Para punir os cidadãos pela sua ligação ao regime, comece por reconhecer a sua natureza criminosa. Foi o que fizeram os juízes do Tribunal de Nuremberga, declarando criminosa a direção do NSDAP, o alto comando da Wehrmacht, bem como a Gestapo, as SS e as SA. Isto permitiu que os tribunais estabelecidos na zona de ocupação americana condenassem alguns grandes empresários que tinham colaborado com estas organizações (principalmente a direção das empresas Krupp e IG Farbenindustrie, que produziam armas e meios químicos para exterminar pessoas nos campos de concentração, bem como utilizavam trabalho escravo de judeus e prisioneiros de guerra). Mas aqueles que não o fizeram (mesmo pagando impostos ou fornecendo armas à Wehrmacht) não foram considerados culpados.

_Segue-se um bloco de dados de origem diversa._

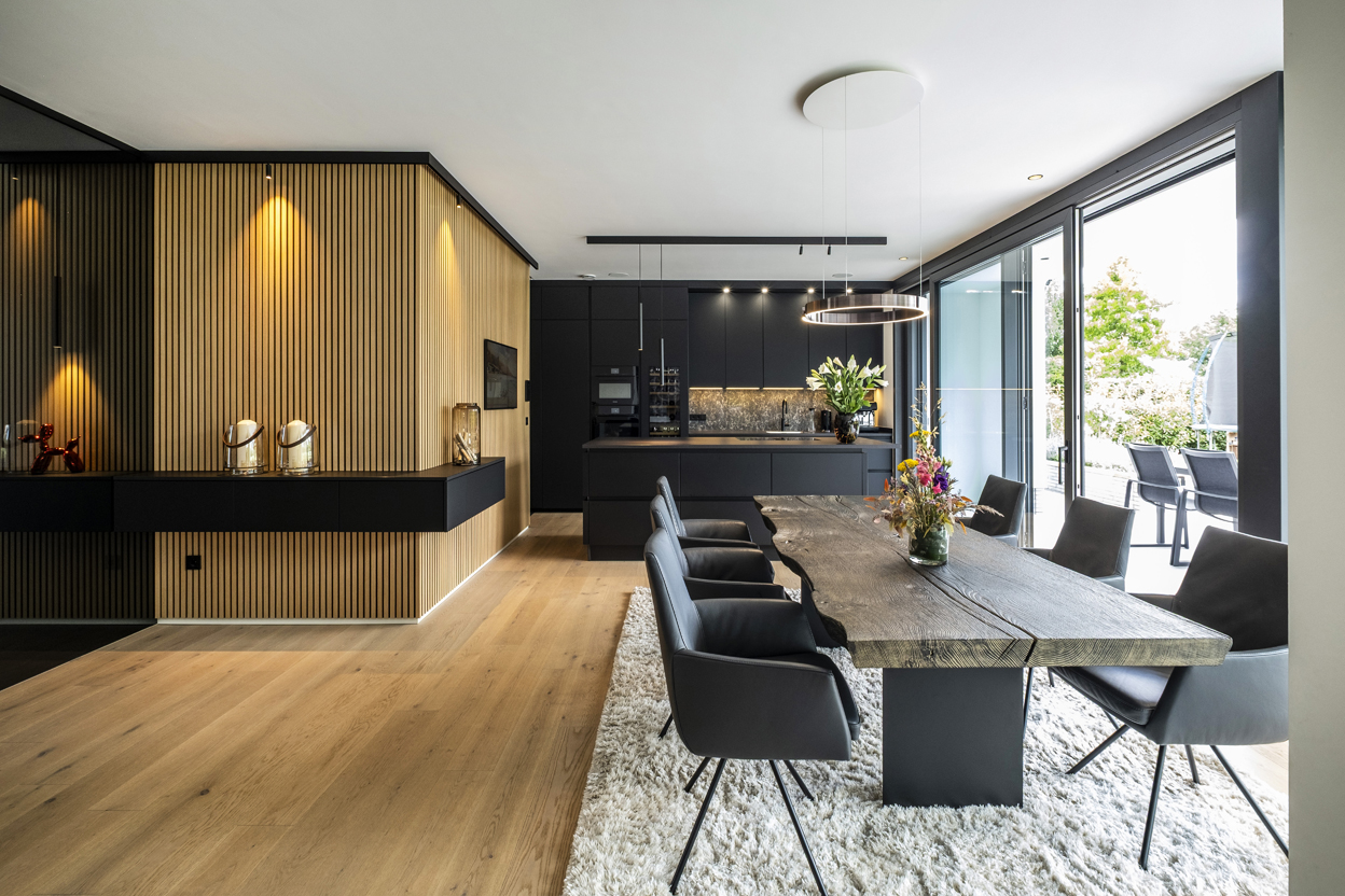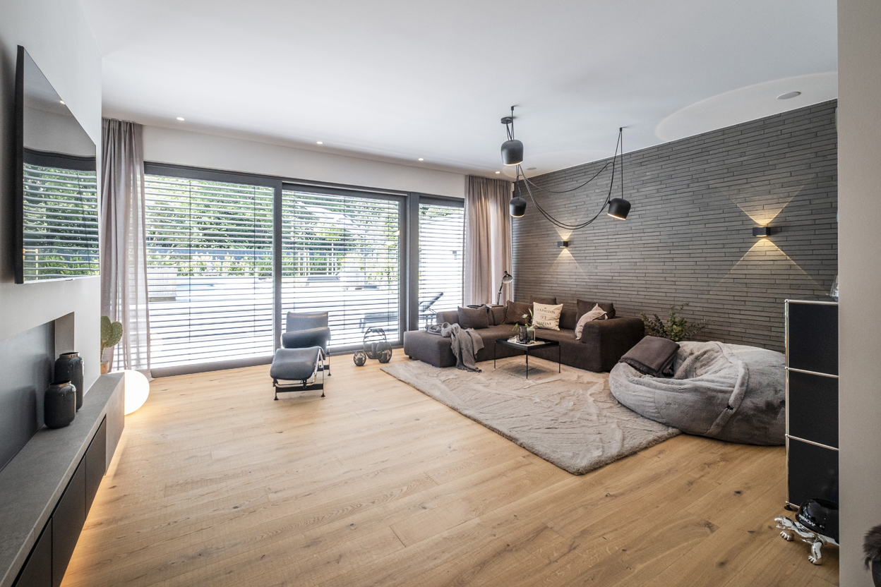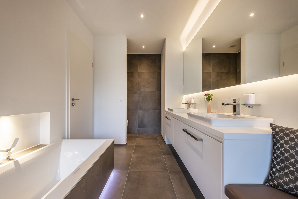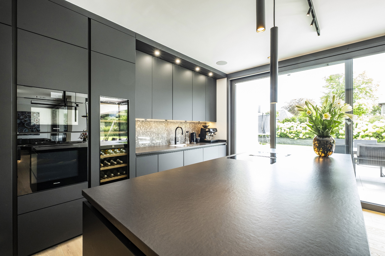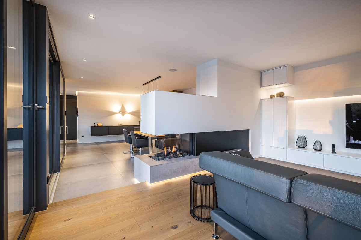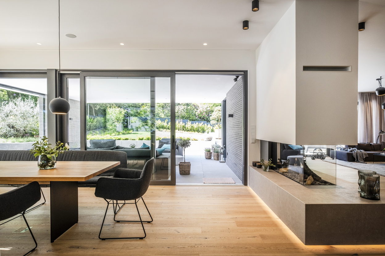 Ein konsequent verfolgtes Farb- und Formkonzept erzeugt hier die schlichte Eleganz, die sich das Bauherren-Ehepaar erwünscht hat. Die Farben Weiß, Schwarz und Anthrazit stehen hier im Vordergrund. Das frische Grün der Pflanzen und der warme Sandton der Kieselsteine geben dem Gesamtprojekt Natürlichkeit und Wärme.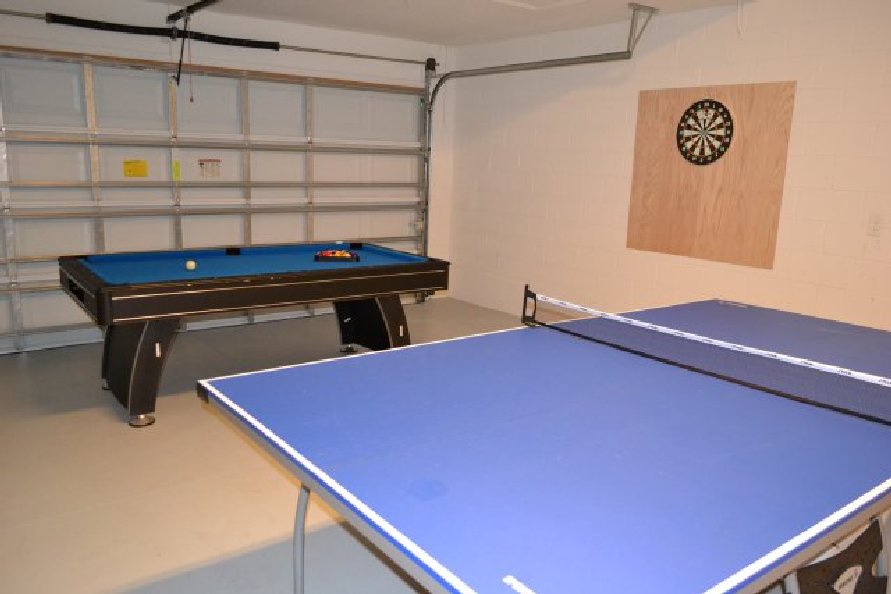 The long outdoor pool is screened for your privacy and sun protection. You’ll have the option of relaxing on 1 of the 2 padded sun loungers or alternatively relaxing under the covered lanai area where there’san outdoor dining area. Attached to the pool is a Jacuzzi, which is the perfect place to relax and enjoy a glass of wine under the stars in the evening. Guests love the converted games room located in the garage where there’s a full-size pool table, a ping pong table, and a darts board – this is one home you’ll never grow bored in!

Por conseguinte, enquanto Putin for apenas suspeito (!) de crimes de guerra, e a maioria dos políticos e funcionários russos diretamente responsáveis pela preparação e condução da guerra nem sequer tiverem esse estatuto, mas estiverem simplesmente sob sanções, é ilegal e estúpido estender a mesma medida de responsabilidade aos empresários.
Isso atira-os para as mãos do regime em vez de os tornar aliados na luta por uma Rússia melhor. Tenho dito isto abertamente na imprensa ocidental desde os primeiros dias da guerra, mas ninguém o ouve: toda a gente pensa que basta mais um pouco e pronto, os oligarcas revoltam-se e o regime cai. Francamente, não consigo imaginar maior ingenuidade. E escrevi sobre isto mesmo antes do início da invasão russa.